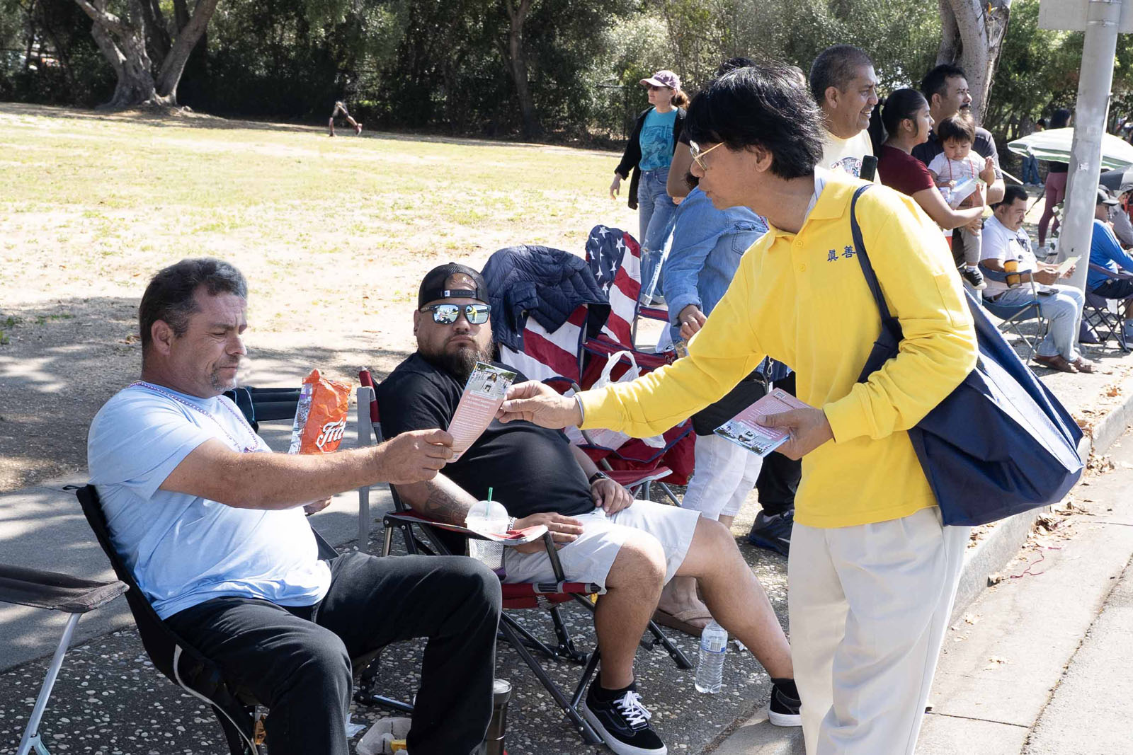 Практикующие раздавали информационные материалы о Фалуньгун
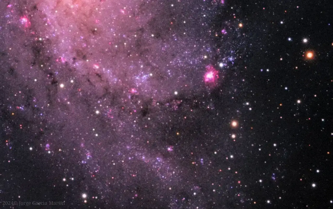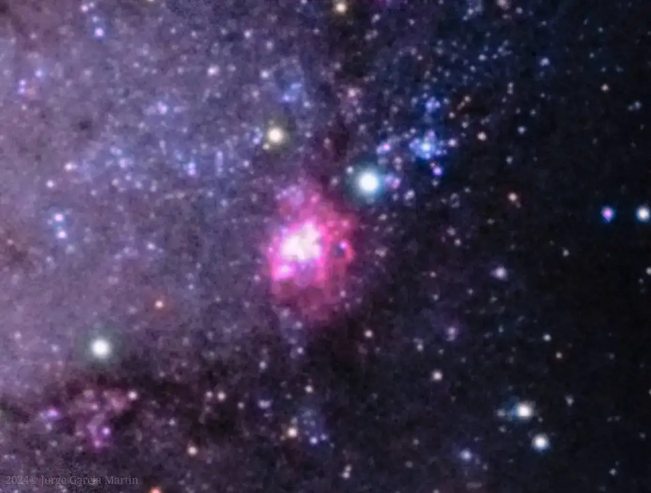 Cuando hacemos astrofotografía de nebulosas en general, las nebulosas están en nuestra propia galaxia. No obstante hay algunas nebulosas tan notables que pueden ser captadas con detalle en otras galaxias. Este es el caso de ngc604 situada en la cercana galaxia m33 enmarcada por cumulos abiertos y senderos de polvo Esta imagen esta capturada con un telescopio Astrophysics 130EDT desde Cerceda.
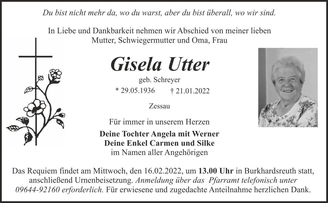 Das Requiem findet am Mittwoch, den 16.02.2022, um 13.00 Uhr in Burkhardsreuth statt, anschließend Urnenbeisetzung. Anmeldung über das Pfarramt telefonisch unter
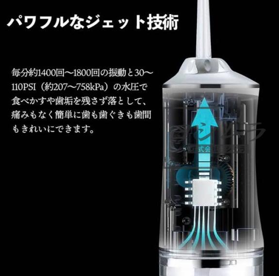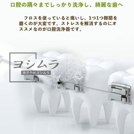 セットには標準ノズル、タングクリーナー、4本ノズルが付属されています。ジェット水流で日常の届きにくい歯周ポケット、歯並びの悪い所、矯正器具の周りなどの汚れをすっきり洗浄でき、予防することもできます。
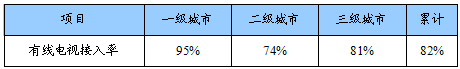 目前城镇居民消费能力比较高,地域集中,对数字电视的承受能力相对较强。国内城镇居民电视接入方式比较类似美国,有线程度较高,所以目前接入数字电视可能性相对较大有线方式。
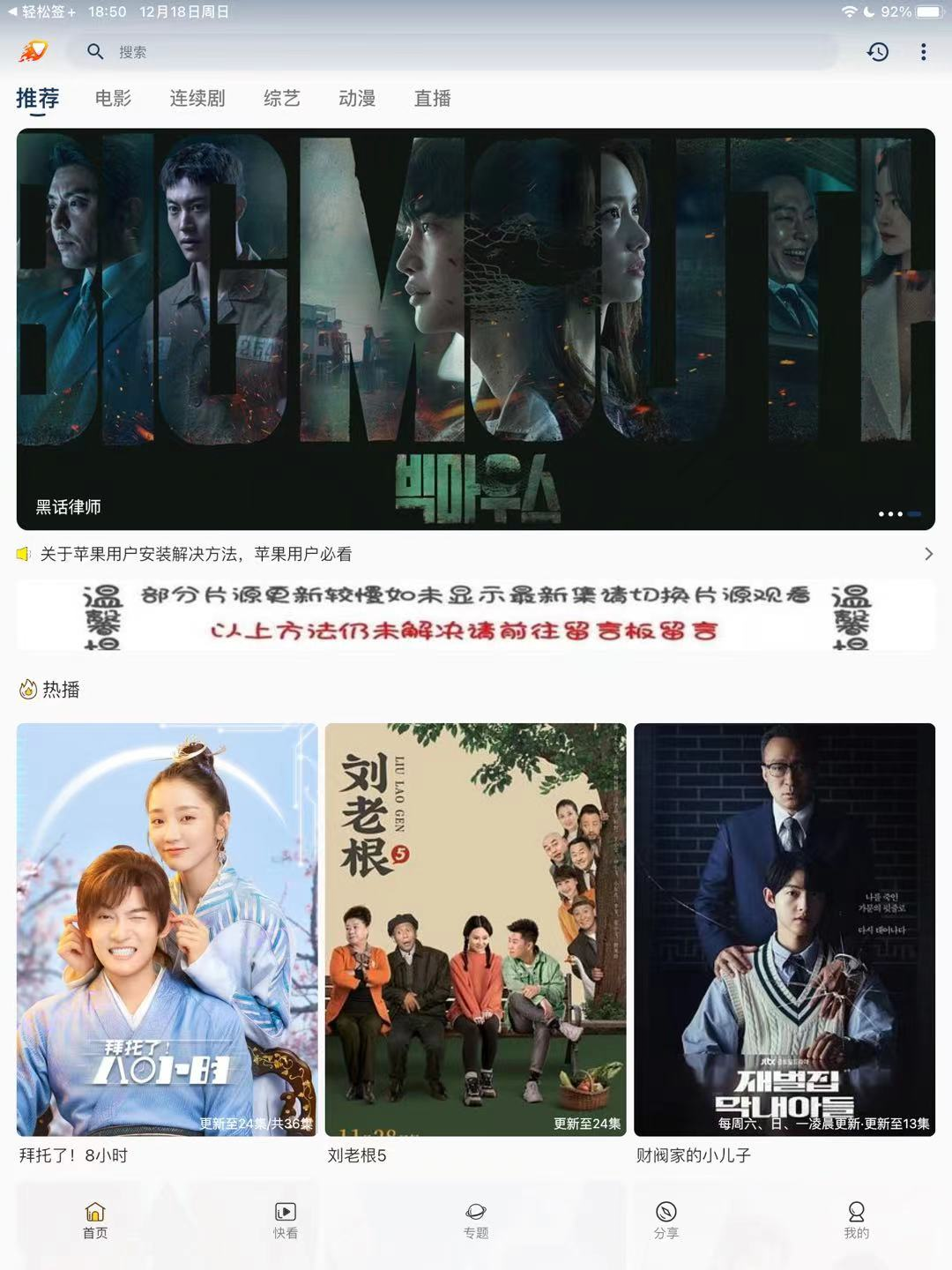 - 完美兼容:支持 腾讯\爱奇艺\优酷\芒果\哔哩哔哩 全部资源
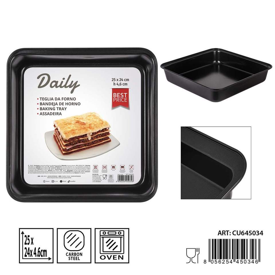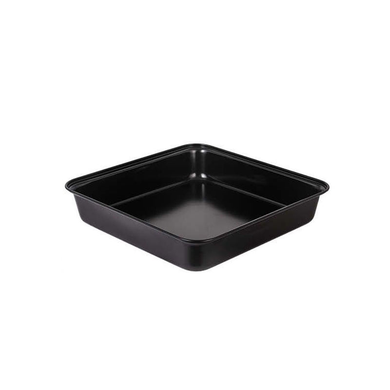 ถาดอบสี่เหลี่ยมเหล็กคาร์บอนเคลือบสีทอง25x24x4.6ซม. 0.4มม. เตาอบไมโครเวฟ/เครื่องล้างจานสีดำปลอดภัยสำหรับเค้กขนมปังเค้ก
○ ○ ○
### What this task involves:
Above are the records; copy every one of them exactly and omit the images.

### Your solution:
 Практикующие раздавали информационные материалы о Фалуньгун
 Cuando hacemos astrofotografía de nebulosas en general, las nebulosas están en nuestra propia galaxia. No obstante hay algunas nebulosas tan notables que pueden ser captadas con detalle en otras galaxias. Este es el caso de ngc604 situada en la cercana galaxia m33 enmarcada por cumulos abiertos y senderos de polvo Esta imagen esta capturada con un telescopio Astrophysics 130EDT desde Cerceda.
 Das Requiem findet am Mittwoch, den 16.02.2022, um 13.00 Uhr in Burkhardsreuth statt, anschließend Urnenbeisetzung. Anmeldung über das Pfarramt telefonisch unter
 セットには標準ノズル、タングクリーナー、4本ノズルが付属されています。ジェット水流で日常の届きにくい歯周ポケット、歯並びの悪い所、矯正器具の周りなどの汚れをすっきり洗浄でき、予防することもできます。
 目前城镇居民消费能力比较高,地域集中,对数字电视的承受能力相对较强。国内城镇居民电视接入方式比较类似美国,有线程度较高,所以目前接入数字电视可能性相对较大有线方式。
 - 完美兼容:支持 腾讯\爱奇艺\优酷\芒果\哔哩哔哩 全部资源
 ถาดอบสี่เหลี่ยมเหล็กคาร์บอนเคลือบสีทอง25x24x4.6ซม. 0.4มม. เตาอบไมโครเวฟ/เครื่องล้างจานสีดำปลอดภัยสำหรับเค้กขนมปังเค้ก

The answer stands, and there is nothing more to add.